24 de enero 2013 - 00:00

Once: fiscal ya quiere ir a juicio (duro con TBA)

Claudio Bonadío
Claudio Bonadío
El fiscal federal Federico Delgado presentó ayer el pedido de elevación a juicio de la causa que investiga la tragedia fe rroviaria de la estación Once. Acusó de complicidad con el siniestro a Ricardo Jaime y a Juan Pablo Schiavi, aunque no pidió endurecer los procesamientos estipulados por la Cámara Federal. Cuestionó la gestión de la empresa TBA al frente del ferrocarril Sarmiento, pero no solicitó nuevas indagatorias. De esta forma dio por concluido su rol en la instrucción de un expediente que lo enfrentó en múltiples ocasiones tanto con el juez Claudio Bonadío como con la empresa.

En su dictamen, el fiscal se centró en los presuntos delitos de "estrago culposo y administración fraudulenta". Además, pidió el juicio para Antonio Sicaro, extitular de la Comisión Nacional de Regulación de Transporte y por estos días asesor clave de Florencio Randazzo. Decisiones que lo mostraron en sintonía con la Cámara a pesar de que los querellantes especulaban con la posibilidad de que Delgado entendiera el supuesto estrago como "doloso".

Con los ribetes literarios habituales en sus escritos, Delgado sostuvo que "es evidente la complicidad de los funcionarios. Es que el Estado para inyectar fondos (subsidios a TBA) tenía que cumplir algunos pasos previstos en el contrato. Los funcionarios, privilegiando los intereses del concesionario, se limitan a llenar papeles para que formalmente los pasos parecieran cumplidos y así permitir los desembolsos. ¿El tren? El tren siguió siempre abrazado a los vientos de la fortuna que el 22 de febrero cambiaron de dirección".

En cuanto a la empresa, sorprendió que el fiscal no solicitara nuevas pericias o indagatorias, escenario que tenía adeptos en el despacho de Bonadío. "Los trenes perdían sus prendas y nadie los arropaba, quien debía arroparlo no invertía ni arreglaba nada. ¿Por qué? Por la connivencia de quienes debían custodiar la integridad del armario y su contenido que miraban para otra parte".

De vestimenta informal por regla, lejano a los protocolos del ámbito tribunalicio, Delgado siempre reconoció, a quien quisiera escucharlo, su incomodidad en la etapa de investigación.

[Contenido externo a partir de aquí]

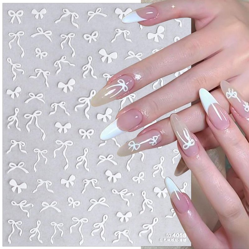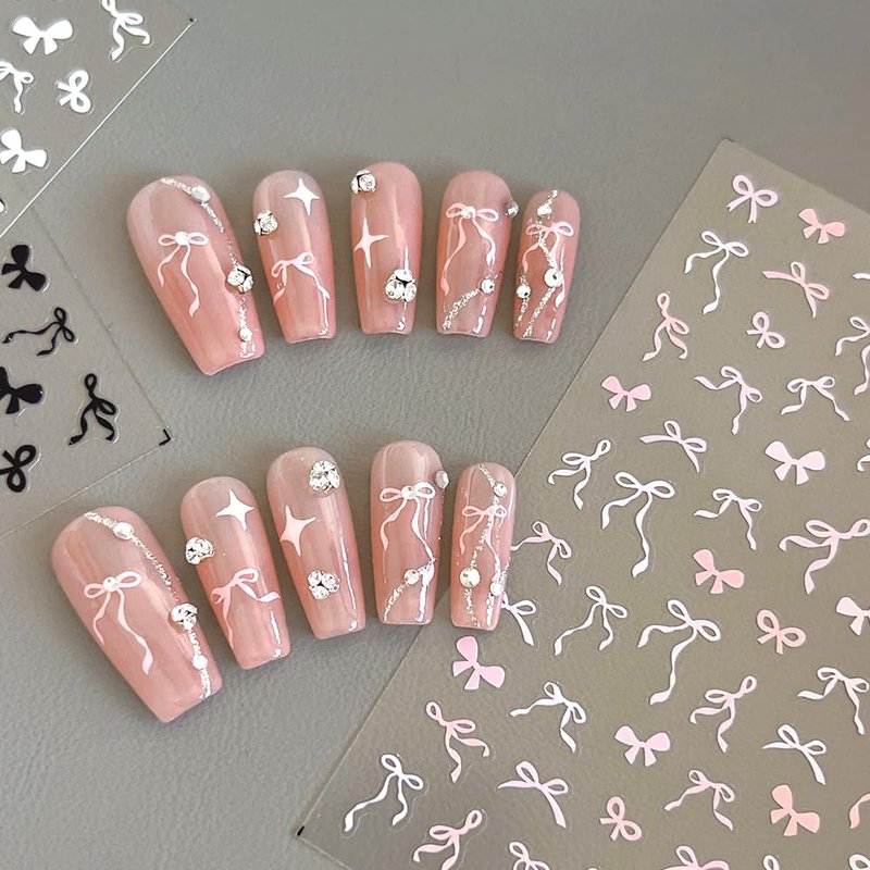 - 【Cute Bows Nail Decals For Nail Art】The sweet bowknot ribbon nail sticker are self-adhesive and easy to use, just peel the bow pattern off the nail sticker and stick it on your nails, with this self-adhesive bow stickers, you can create beautiful nail look easily.

Primero se enfrentó a Bonadío por supuestas dificultades para acceder al expediente y luego intercambió escritos de tono álgido en los cuales le reprochaba no dejarlo cumplir con su "rol de acusador". Interesante giro: en su dictamen de ayer sostuvo que "los hechos son fuertes, las pruebas sólidas, la instrucción fue impecable".

El contrapunto, que se extendió a distintos aspectos del expediente, se inició cuando Bonadío decidió excarcelar al maquinista Marcos Antonio Córdoba 48 horas después de la tragedia que causó 51 muertos. El fiscal se opuso a esta decisión ya que entendió que fue precipitada y sin haber tomado en cuenta la opinión de los peritos.

Respecto del motorman, sostuvo que éste confesó que no logró detener la formación. No sustentó esta acusación en el plano de un supuesto estado de alcoholismo -como afirmaron los letrados de TBA- sino en un presunto exceso de velocidad.

Delgado fue denunciado por la empresa controlada por el holding Cometrans por el supuesto de que les habría enviado información de la causa a periodistas cuando ésta se encontraba bajo secreto de sumario.

Ahora, resta que esta semana las cuatro querellas también formulen sus respectivos requerimientos, y luego el juez correrá vista a las defensas, para después evaluar si remite la causa a un Tribunal Oral o bien resuelve previamente realizar alguna otra medida.

El expediente sigue su rumbo en el primer piso de los tribunales de Retiro. Ayer, una de las querellas solicitó a la Cámara de Casación modificar la carátula de estrago culposo a doloso, decisión que encontró poco eco en el resto de los letrados que representan a las víctimas. Éstos harán el mismo reclamo, pero recién cuando comience el juicio oral.